Task instructions » For this exercise, return only the lines in the records below from the one holding "The Roof Real" through the one holding "iPadをロックしたまま、コ", including both, exactly as they appear and without pictures.

Working data »
━━━━━━━━━━━━━━━━━━━━

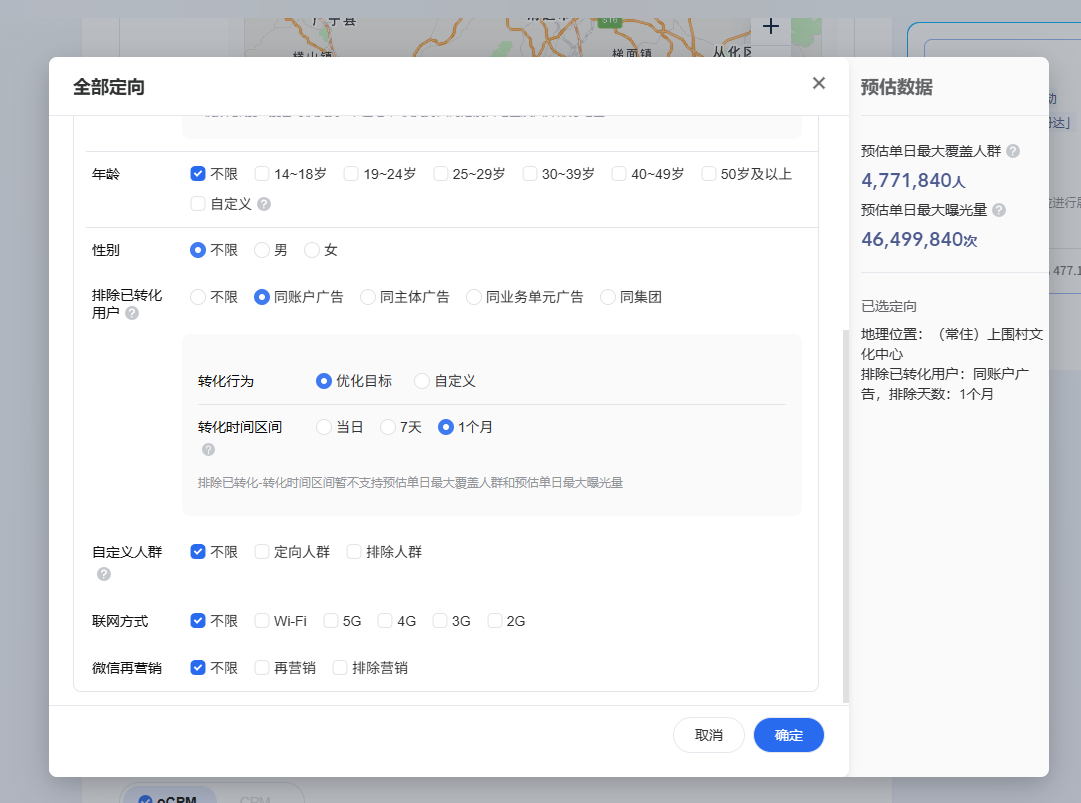 • 排除定向:务必勾选 “已关注该公众号”,避免向现有粉丝重复推送,造成预算浪费。
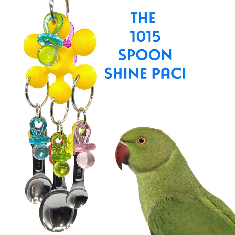 - The 1015 Spoon Shine Paci from M&M Bird Toys is a deluxe hanging bird cage toy. This interactive toy features enticing parts, durable rings, jingling sounds and reflective parts.
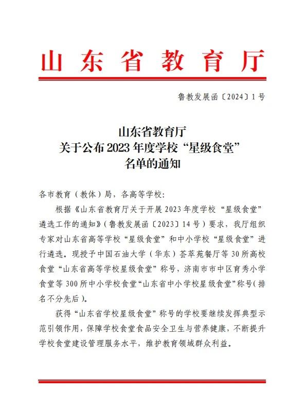 根据《山东省教育厅关于开展 2023 年度学校“星级食堂”遴选工作的通知》(鲁教发展函〔2023〕14 号)要求山东省教育厅组织专家对山东省高等学校“星级食堂”和中小学校“星级食堂”进行遴选。
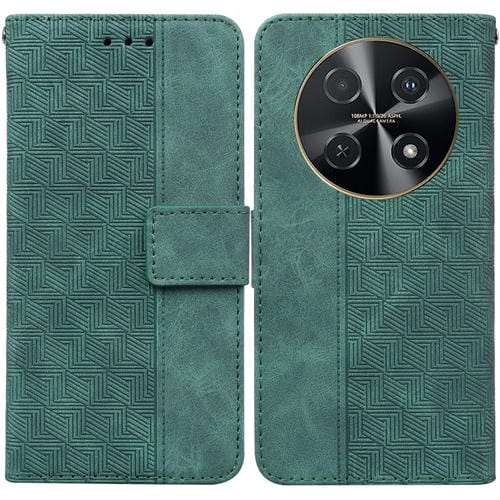 Funda de Cuero para Huawei Nova 12I 4G con Relieve Geométrico Global (Verde)
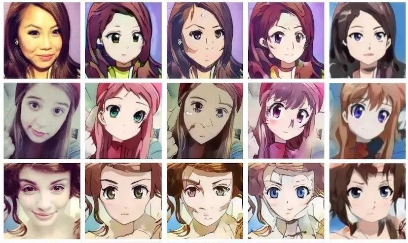 有了这项技术之后,ACG爱好者也可以让自己的头像具有动漫风格了。只是效果仍然不是很令人满意,看起来像是用画笔和颜色对人脸照片描边而已:
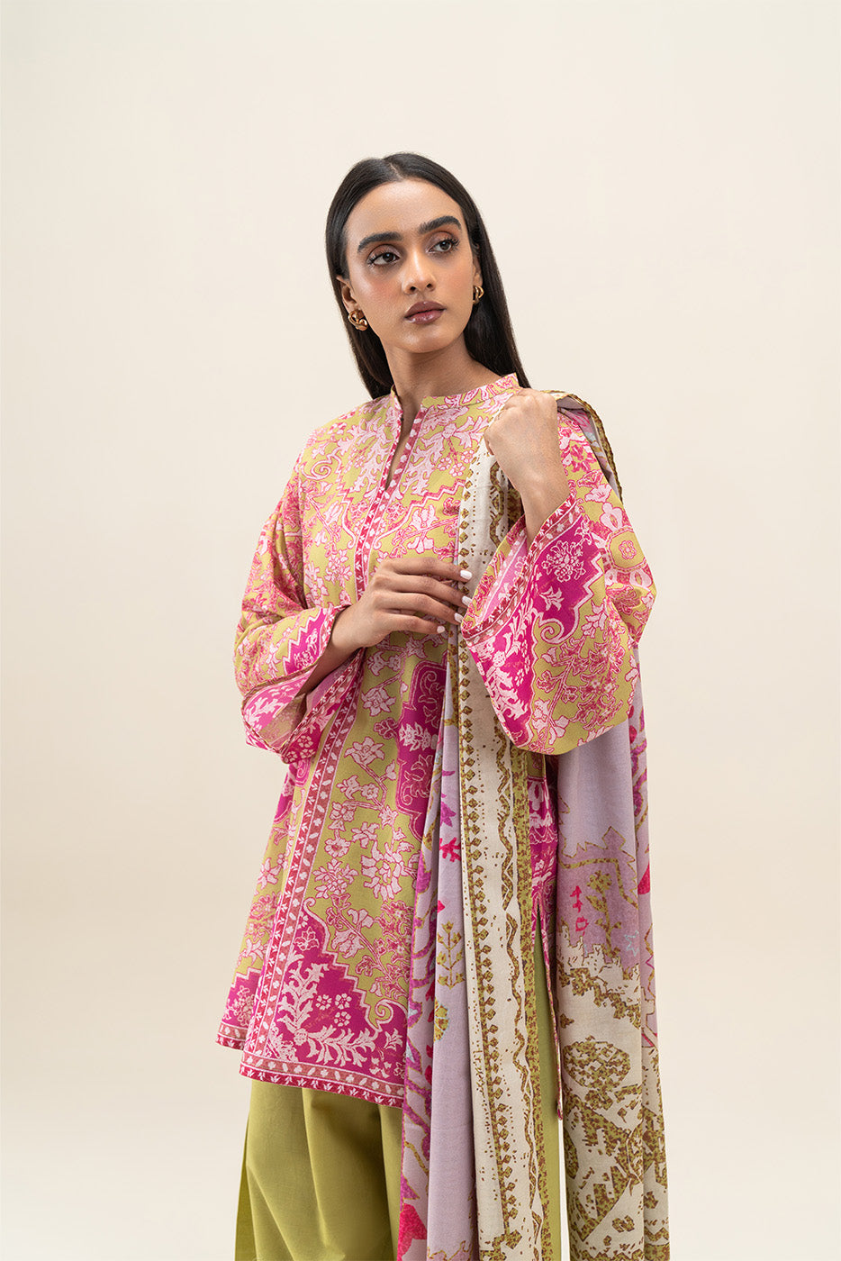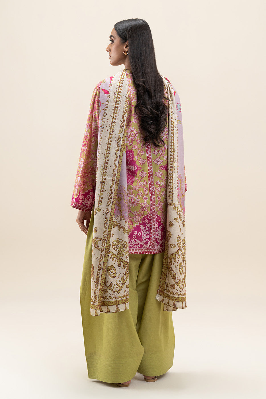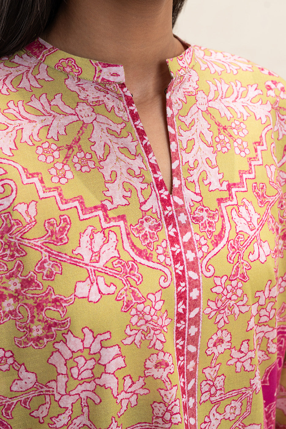 2 PIECE PRINTED LAWN SUIT-AZTEC LIME (UNSTITCHED)
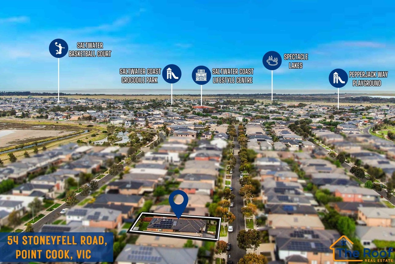 The Roof Real Estate presents an exceptional opportunity to own a stunning family home in one of Point Cooks most sought-after locations! Positioned in the highly sought-after Saltwater Coast Estate, this beautifully presented home combines style, comfort, and convenience in an unbeatable location. Offering four spacious bedrooms, including a master with private ensuite, and a well-appointed central bathroom, it has been designed with family living in mind Sets on 448sqm land. Whether you’re a growing family , first home buyer or savvy investor, this property ticks all the boxes.
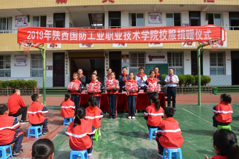 学校为王益区黄堡镇逸夫小学捐赠600套校服
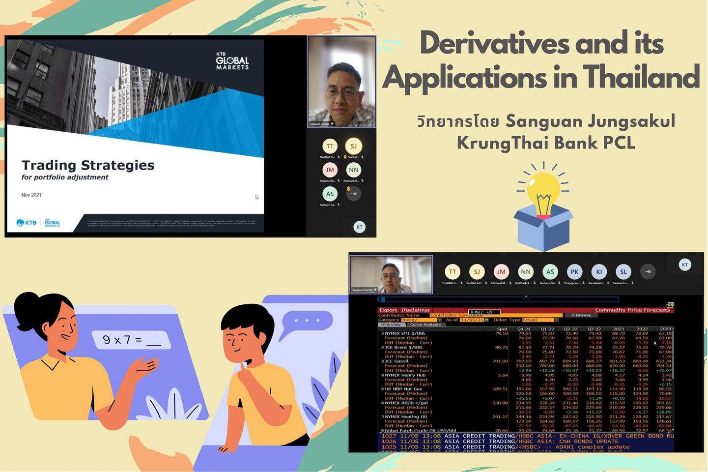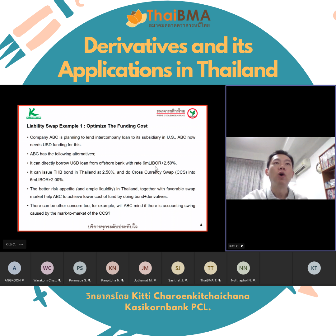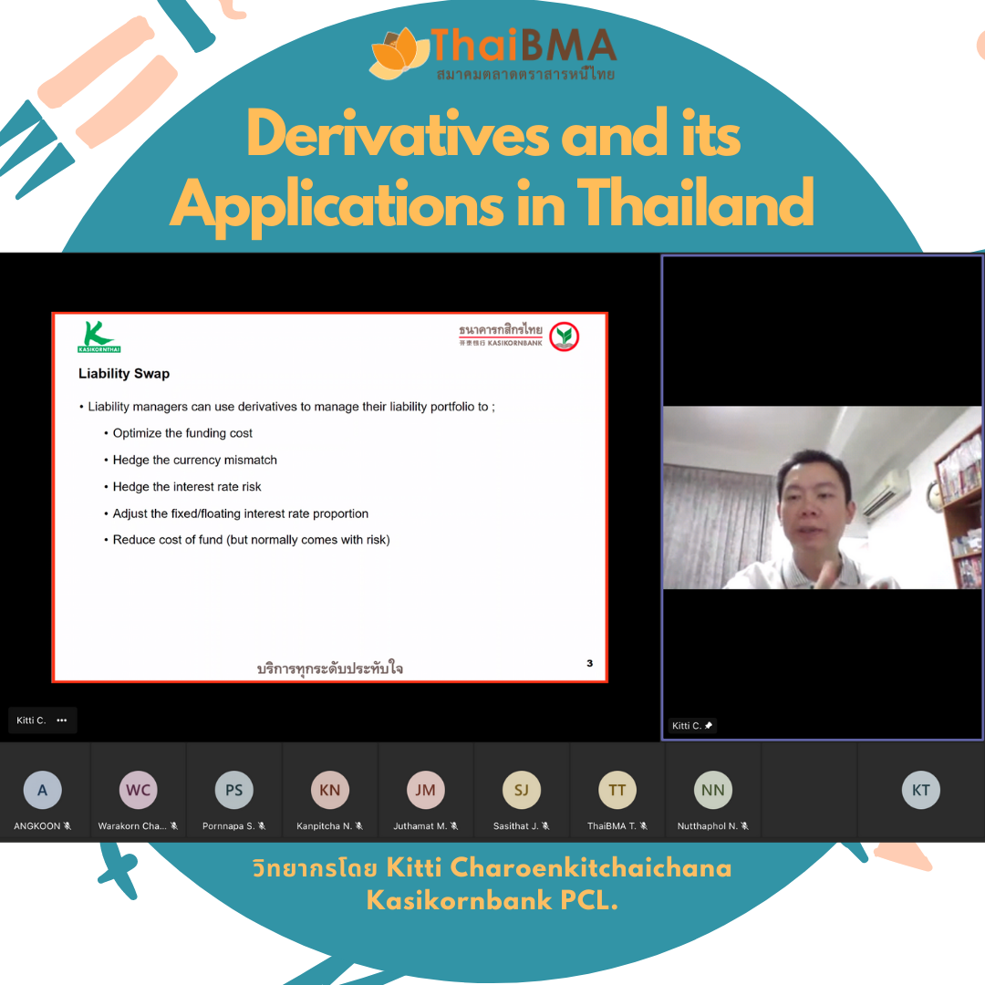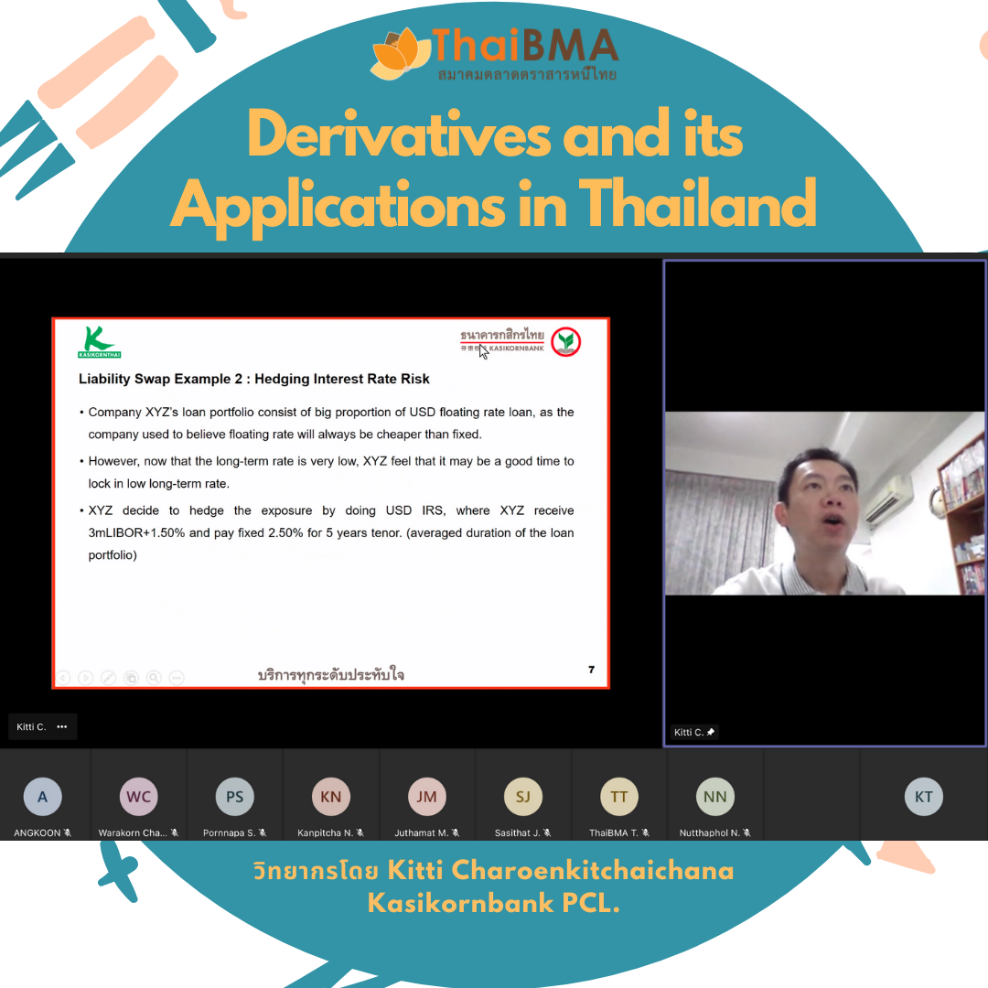 ThaiBMA Gallery ThaiBMA จัดอบรมหลักสูตร Derivatives and its Applications in Thailand 😁สมาคมตลาดตราสารหนี้ไทย (ThaiBMA) จัดอบรมหลักสูตร Derivatives and its Applications in Thailand ในรูปแบบ Remote Classroom (Interactive Online Training) ระหว่างวันที่ 4-5 พฤศจิกายน 2564 ทั้งนี้ สมาคมตลาดตราสารหนี้ไทย (ThaiBMA) ขอขอบคุณวิทยากร และผู้เข้ารับการอบรมทุกท่าน Back to Main Gallery
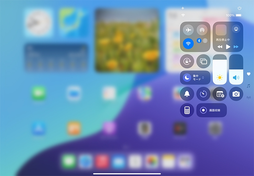 iPadをロックしたまま、コントロールセンターを開いてタイマーをセットしてみましょう。ロック画面からコントロールセンターを開くことができます。
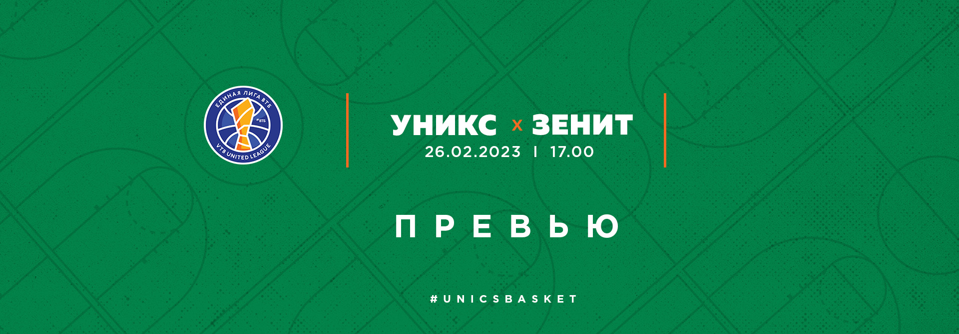 УНИКС продолжает серию матчей с клубами Топ-3. В воскресенье, 23 февраля, казанцы примут действующего победителя Единой Лиги ВТБ – «Зенит» из Санкт-Петербурга. Сине-бело-голубые замыкают тройку сильнейших команд таблицы с показателями 18 выигрышей и 8 проигрышей. Наши парни располагаются на 2-м месте, опережая конкурента на 5 побед.
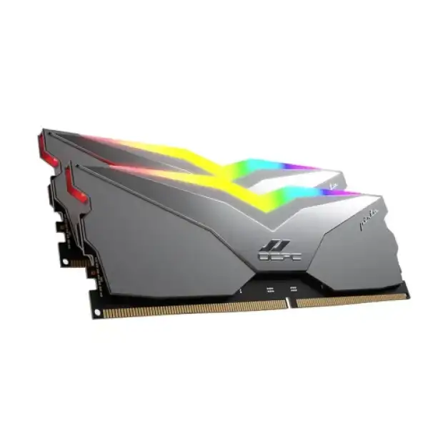 The OCPC PISTA 16GB DDR5 6000MHz CL38 RGB Desktop RAM is designed for high-performance computing and gaming. This unbuffered DDR5 module, with a 16GB capacity, has an impressive tested speed of 6000MHz, ensuring fast data processing and smooth multitasking. Its tested latency of CL38-48-48-96 improves performance by reducing delays and increasing system responsiveness. This Gaming RAM operates at a tested voltage of 1.35V, resulting in efficient power consumption and improved overall system stability and longevity. The OCPC PISTA DDR5 RAM includes a heatsink to effectively dissipate heat, ensuring peak performance during intensive computing tasks and extended gaming sessions. Furthermore, the module includes vibrant RGB lighting, which adds a visually appealing element to any desktop setup. This OCPC PISTA 16GB DDR5 6000MHz CL38 RGB Desktop RAM is non-ECC, which prioritizes performance over error checking overhead, making it an excellent choice for gamers and power users. The addition of RGB lighting not only improves the module's visual appeal, but also allows users to customize the look of their system to their liking. The advanced heatsink design keeps the module cool even under high loads, preventing thermal throttling and maintaining consistent performance. The OCPC PISTA 16GB DDR5 6000MHz CL38 RGB Desktop RAM is a dependable and powerful upgrade for any desktop computer, thanks to its high speed, low latency, and attractive design.
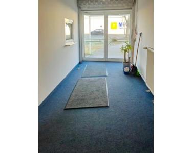 - Lagerbüro mit innenliegenden Rollgittern an Außentür und Fenstern
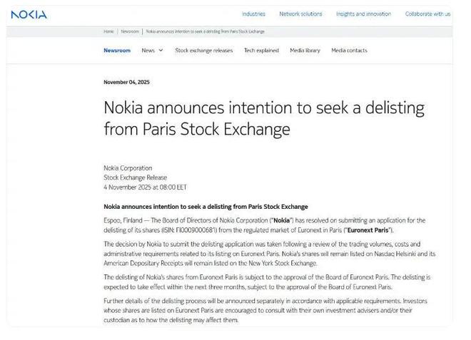 诺基亚官网宣布,公司股票从巴黎泛欧交易所退市
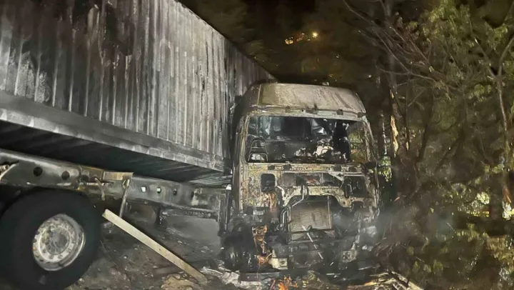 Ankara'nın Elmadağ ilçesinde kontrolden çıkan tır demir bariyerleri aşarak şarampole yuvarlandı. Alev alan tır kullanılamaz hale geldi.

━━━━━━━━━━━━━━━━━━━━

Task result »
 The Roof Real Estate presents an exceptional opportunity to own a stunning family home in one of Point Cooks most sought-after locations! Positioned in the highly sought-after Saltwater Coast Estate, this beautifully presented home combines style, comfort, and convenience in an unbeatable location. Offering four spacious bedrooms, including a master with private ensuite, and a well-appointed central bathroom, it has been designed with family living in mind Sets on 448sqm land. Whether you’re a growing family , first home buyer or savvy investor, this property ticks all the boxes.
 学校为王益区黄堡镇逸夫小学捐赠600套校服
 ThaiBMA Gallery ThaiBMA จัดอบรมหลักสูตร Derivatives and its Applications in Thailand 😁สมาคมตลาดตราสารหนี้ไทย (ThaiBMA) จัดอบรมหลักสูตร Derivatives and its Applications in Thailand ในรูปแบบ Remote Classroom (Interactive Online Training) ระหว่างวันที่ 4-5 พฤศจิกายน 2564 ทั้งนี้ สมาคมตลาดตราสารหนี้ไทย (ThaiBMA) ขอขอบคุณวิทยากร และผู้เข้ารับการอบรมทุกท่าน Back to Main Gallery
 iPadをロックしたまま、コントロールセンターを開いてタイマーをセットしてみましょう。ロック画面からコントロールセンターを開くことができます。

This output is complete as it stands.